Beberapa waktu yang lalu, seorang teman masa kecil
menghubungiku. Bertanya tentang ‘hal konyol’ yang pernah menjadi lelucon kita
di masa lampau. Ia percaya bahwa aku masih mengingat hal itu, karena memang
benar hanya kami berdualah yang paham, pun sanggup
dibuat terbahak tak henti walau orang lain tak akan pernah mengerti. Bahkan sampai
sekarang.
Ia menanyakan memori yang terlewat selama… hum, kira-kira 16
tahun silam. Surprisingly, I’m still
remember it. And the good news is, we both still laugh so loud when
talked about it, again.
Banyak hal yang terjadi dalam beberapa waktu belakangan ini.
See? Setelah 4 bulan tidak mengupdate note di blog ini, rasanya memang aku menjadi agak pengecut untuk
bercerita. Jika ditanya apakah ada yang ingin aku ceritakan sekarang, jawabannya
tentu ADA, bahkan S A N G A T B A N Y A K.
But I dunno why, my fingers just suddenly stop
typing every single time that I used to. I have done my skripsi, done the pendadaran, done the wisudaan too. So many thing that I want to share. But, I just afraid to realize the
atmosphere.

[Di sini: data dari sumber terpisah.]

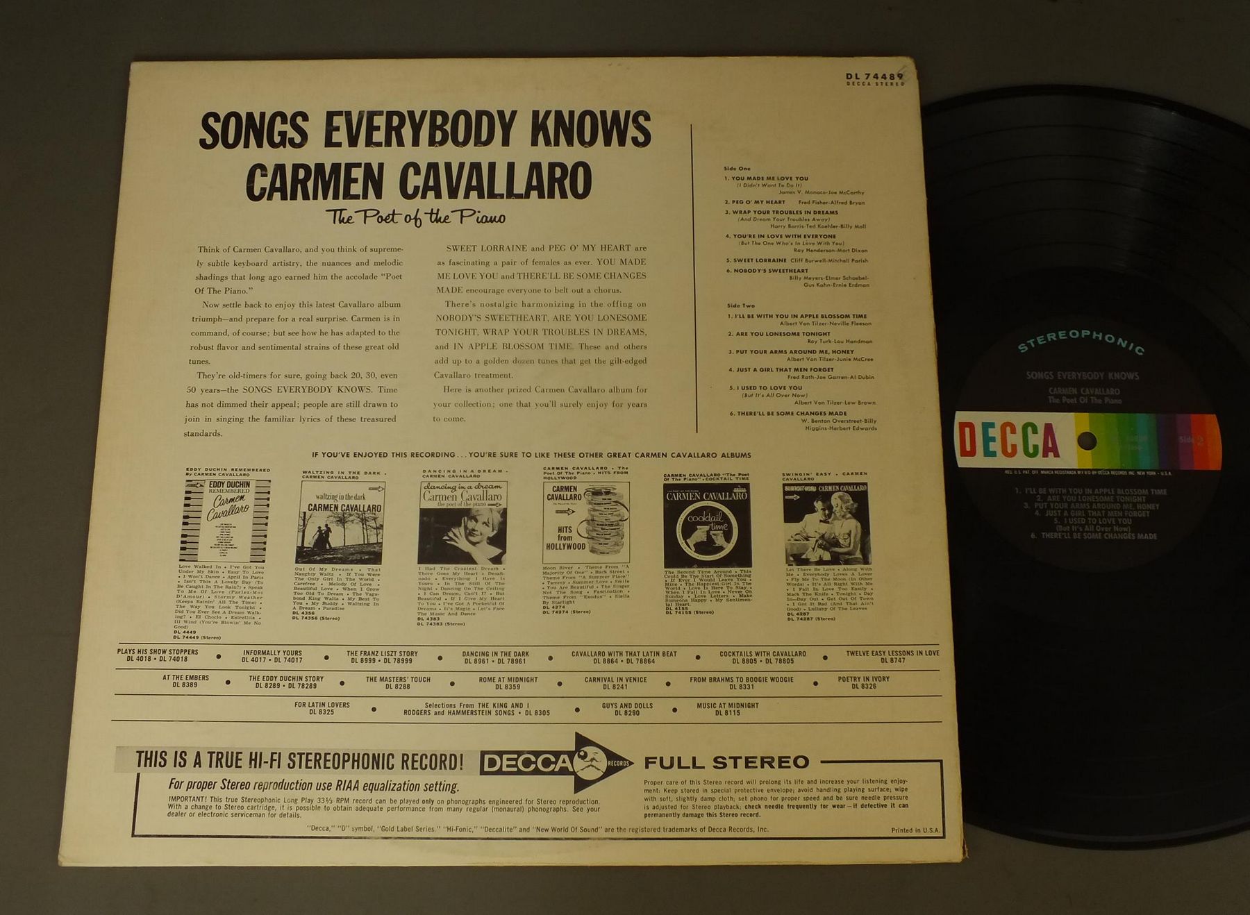 CARMEN CAVALLARO/SONGS EVERYBADY KNOWS DL74489 製造国:米国盤 / Media:LP外観:EX盤の状態:EX+ 価格(税込):¥880(売約済) 送料 7inch:定形外郵便 360円~LP:定形外郵便 660円~送料は、注文の最終画面で確認頂けます。 > > CARMEN CAVALLARO/SONGS EVERYBADY KNOWS 外観 (EX)特記事項:角スレやヘリスレ多少有り。外観EXの共通説明:ダメージが限定的。中古品としては保存状態がよい方。シミ、ヨゴレ、スレ 少し~軽度。 盤の状態 (EX+)特記事項:薄いスリキズ・スレ少し。一見してきれいな状態です。盤EX+の共通説明:盤面の極薄いスリキズ、スレ少し程度 音に出そうなものは無いように見える(極軽微なソフトティック音は除く)。 Tweet それぞれの画像をクリックすると、大きい写真が見られます こちらの商品もお勧めです 990円 SUSAN MAZER - STEVEN HALPERN - DALLAS SMITH / LIFETIDE 770円 ALFRED NEWMAN / LOVE SCENES 770円 CLAUDE BLOUIN / BALLROOM DANCIHG
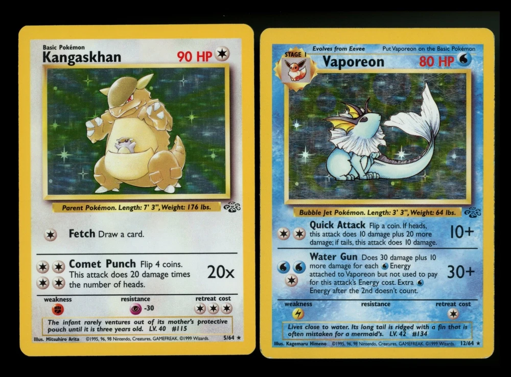 Vaporeon 12/64 Kangaskhan 5/64 Jungle 1999 Holo Vintage Pokemon Card Lot WOTC
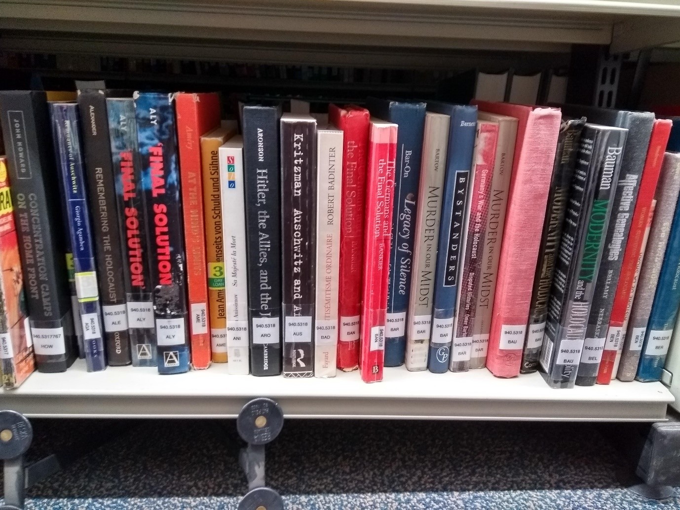 I took a wander down to shelf-mark 940.5318 the Dewey decimal number for the history of the holocaust to see what I could learn. I’m not sure what I was expecting, given that I knew how significant a period this was in history, but I must admit I was surprised about the number of shelves taken up by this one shelf-mark (and of course there will be further references to the holocaust in various other subject sections all over the library). I realised there was such a huge amount of information because it was a process in history that broke such a huge number of lives. We know that around 6 million Jewish people were killed and around 11 million people from other oppressed groups. We don’t have 17 million holocaust books (or 17 million journal articles, online resources, e-theses etc.) though each one of those people had a unique story. For me, the enormous number of books represented the enormous number of people, and the enormous impact that the holocaust had on the continuing history of the world.
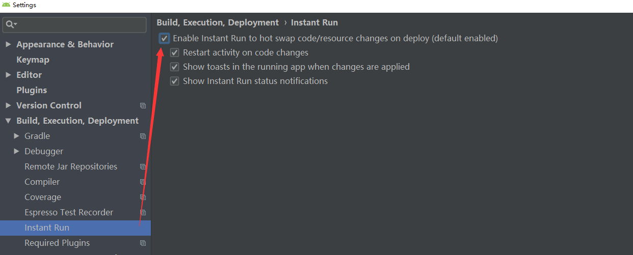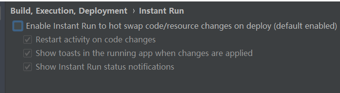 File ----> settings -----> Build,Exceution,Deployment ----> Instant Run 然后出现以下界面:

I mean, after all of those stuffs—especially my graduate moment,
its feels like I’ve done to be stay, here, longer. I hate sad feeling. I hate
realizing all about it.
Then, pesan
singkat dari teman kecilku itu nyatanya menumbuhkan benih keberanian untuk
menulis malam ini, setelah kubaca berulang, rasanya ingin sekali menggerakkan
jari-jari ini untuk menekan tuts keyboard bergantian. Karena aku menyadari,
memang akan ada masanya, entah 16 tahun
kedepan lagi—atau lebih. Orang-orang yang ada bersamaku sekarang akan
mengirimkan pesan serupa. Mungkin bertanya nama suatu café, menanyakan nama
seseorang, menanyakan apapun yang membuat dia yakin bahwa aku pasti ingat
karena kita pernah mengalaminya bersama. Atau mungkin sebaliknya, 16 tahun
mendatang aku akan terjebak dalam situasi yang mengingatkanku pada masa ini. Kemudian
menghubungi mereka yang kupikir memiliki memori yang kuat mengenai hal itu.
Walau seringnya, aku yang pelupa. Eh tapi untuk beberapa
hal, bisa kupastikan ingatan ini bisa merekam dengan begitu detail. Bahkan aroma
parfummu, kerut-kerut yang dibuat pipi dan keningmu, cara kamu menyingsingkan
lengan baju, cara kamu makan-minum-berjalan-menoleh, suaramu ketika berbisik
atau berteriak, otak kecil ini bisa mengingatnya. Percayalah.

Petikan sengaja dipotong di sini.